Литмир - Электронная Библиотека

— Добро пожаловать в наш пионерский лагерь! Дорогие пионеры! Я начальник лагеря. Меня зовут Мария Ивановна. Я за вас за всех отвечаю, поэтому попрошу соблюдать дисциплину. На стене висит распорядок дня — внимательно прочтите. За ограду лагеря выходить запрещается. Также запрещается жечь костры, находиться на улице после отбоя и нарушать правила поведения в лагере. Все всё поняли?

Мы подумали, что вопрос риторический, и промолчали.

— Я спрашиваю, все всё поняли? — повысила голос начальник, и глаза её сверкнули.

В ответ раздалось нестройное мычанье. Мы не знали, что именно надо отвечать, и поэтому кто-то сказал «все», кто-то — «всё», кто-то — «да», а кто-то «поняли».

— Громче! — крикнула Мария Ивановна.

Мы замычали громче.

— Не слышу!

Мы замычали во всю глотку.

— Поняли. Следующее. Возле лагеря находится речка. Чтобы никто не смел ходить мыться без разрешения!
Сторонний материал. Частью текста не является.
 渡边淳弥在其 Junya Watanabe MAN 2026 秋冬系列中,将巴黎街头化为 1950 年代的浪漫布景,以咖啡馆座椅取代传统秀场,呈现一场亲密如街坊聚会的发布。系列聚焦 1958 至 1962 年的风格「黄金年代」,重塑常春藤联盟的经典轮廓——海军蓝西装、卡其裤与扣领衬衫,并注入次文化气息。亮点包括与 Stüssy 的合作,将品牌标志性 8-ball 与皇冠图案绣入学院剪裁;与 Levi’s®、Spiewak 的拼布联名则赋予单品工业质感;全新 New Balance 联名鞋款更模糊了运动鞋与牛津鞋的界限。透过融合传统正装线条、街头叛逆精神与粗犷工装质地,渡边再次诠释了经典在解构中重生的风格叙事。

Вожатые будут водить вас мыться в организованном порядке. А то утонете, а мы за вас отвечай. Нам наплевать, если вы утонете, нам до вас никакого дела нет, но мы не хотим из-за вас в тюрьму садиться. А то ещё подумаете, что мы за вас переживаем.

— Не подумаем, — пробурчал под нос какой-то мальчишка.

— Это кто это говорит с места? — ощетинилась начальник.— Выйди из строя!

Пацан вышел. Я ему не завидовала. Марья Ивановна песочила его минут пять, к ней присоединились вожатый, вожатая и ещё какая-то тётка неясного назначения, а мы все стояли, как дураки, и слушали. Пить хотелось ужасно.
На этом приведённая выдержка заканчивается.